Ligia Canales, ancienne victime de violence domestique au Nicaragua
Ligia Canales, ancienne victime de violence domestique, est aujourd’hui une volontaire engagée. Crédits photo : Glomara Iglesias/PNUD Nicaragua.

Ligia Canales, mère de trois enfants et victime de violence conjugale, a réussi à surmonter ses craintes et a pris une courageuse décision.

« Mon ancien compagnon se saoulait, me battait, et menaçait de me tuer. J’avais vraiment peur, et j’ai décidé de rechercher de l’aide. Un jour, j’ai dénoncé ses agissements à la police, » raconte-t-elle.

À retenir

  • Ce projet financé à hauteur de 2 millions de dollars vise à favoriser l’accès aux services juridiques aux victimes de la violence conjugale au Nicaragua.
  • Près de 880 fonctionnaires ont été formes à la prévention et aux soins aux victimes et près de 150 unités de femmes policiers ont été créés par le gouvernement.
  • Des forums sur les questions de genre et des groupes d’entraide ont été mis en place à travers le pays.

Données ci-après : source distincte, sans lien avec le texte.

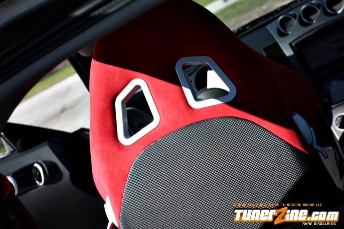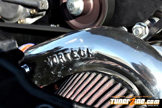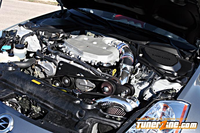 Peeking underneath that Seibon hood is a polished Vortech supercharger kit. Equipped with a full front mount intercooler and blow off valve, this Vortech supercharger kit is complete for 374rwhp and 307 lb-ft of torque. Efficiently feeding more air into the VQ motor is a Crawford Z plenum with a full Tanabe exhaust system to expel the cycled fumes.

Au cours d’une de ses visites au poste de police responsable des cas liés aux violences sexistes, Ligia a été invitée à intervenir en tant que Promotora Voluntaria y Solidaria (Promotrice volontaire et solidaire), ce qu’elle a accepté avec enthousiasme. Elle s’est davantage renseignée sur la violence conjugale, le VIH/sida, et sur la Loi générale contre la violence à l’égard des femmes (Ley Integral contra la Violencia hacia las Mujeres). Elle partage désormais ses connaissances auprès de la communauté.

« Je n’ai pas honte de parler de la violence contre les femmes. J’en ai été victime et je veux montrer aux femmes qu’il est possible d’y faire face. »

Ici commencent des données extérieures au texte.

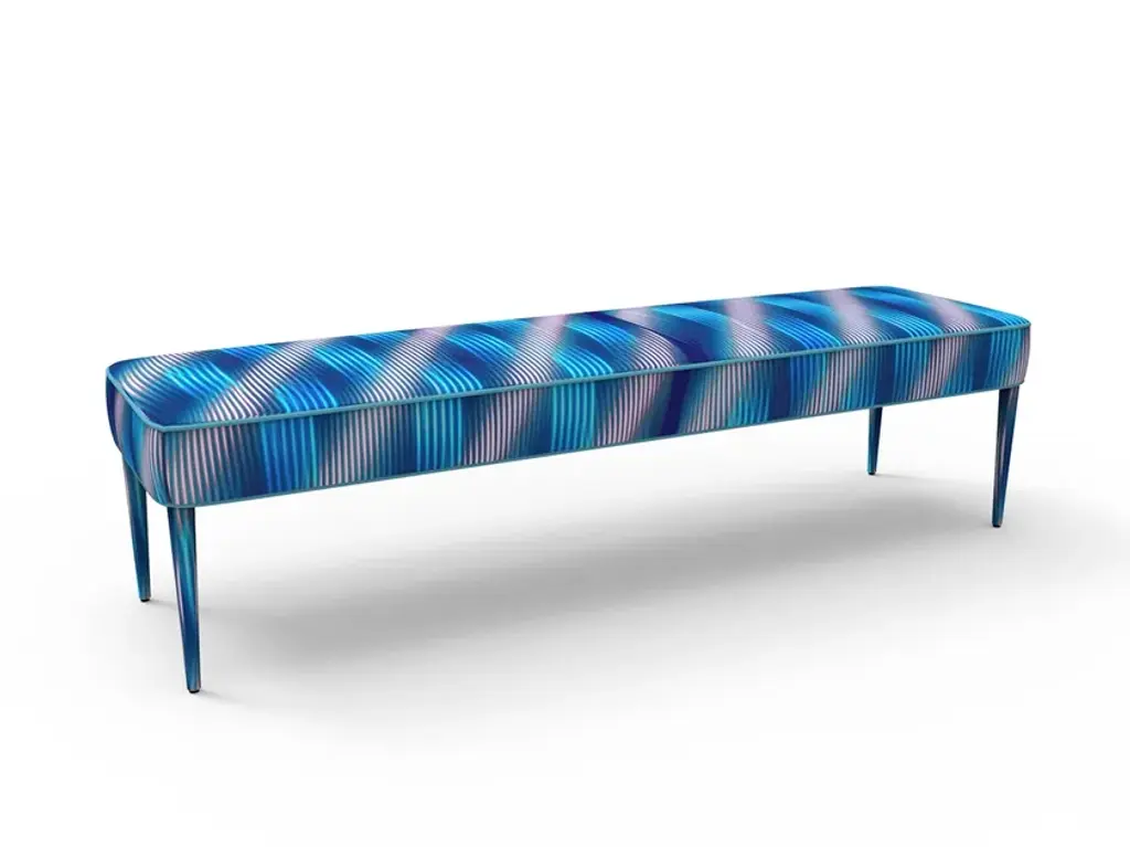 The price refers to the configurations shown in the photos:- Printed coton seat TF3B finish in Capsule Collection digital print.- Printed coton seat RX Nuance 2B Collection. Solid cotton pipping T100/43- Printed coton top Tecno Folk 2B Collection. Solid cotton perimeter band and feet in T100/28.DAZA DAZ03 is a bench with powder-coated metal structure and feet in solid wood. Seat padded in polyurethane foam and upholstered feet. Non-removable cover. Piping stitching in printed or solid color fabric. Non removable upholstery. Momenti's Home & Contract collection offers a wide range of furniture products and accessories, all customizable. Each product can be customized through the choice of various details such as different bases or handles to make it unique. It is possible to choose between 3 Collections which include 36 graphics designed specifically for the Home & Contract collection. The result is a unique product, a mix of art and design, enhanced by a selection of refined and hand-crafted materials.Our furniture is created with: - wooden particle panels created by the use of salvaged wooden material, thus avoiding the cutting of new trees. Low-formaldehyde glues have been used for this product. - composite alluminium alloy panel, with an interposed core of polyethylene, the simplest of the synthetic polymers and the most present in nature.The working process takes place in full respect of the current environmental regulations. Our compound is then applied to these supports, which is made of non-toxic, odor-free, water-repellent and easy to clean resins.

Ligia fait partie des quelques 880 fonctionnaires formés à la prévention et aux soins aux victimes. Ce projet lancé en octobre 2012 est doté d’un budget de plus de 2 millions de dollars financé par la Coopération suisse pour l’Amérique centrale et le Royaume de Norvège. Il est mis en œuvre par le PNUD en coordination avec la Police nationale, le Ministère de la Famille, l’Université centroaméricaine (UCA, Universidad Centroamericana) ainsi que d’autres agences étatiques et privées.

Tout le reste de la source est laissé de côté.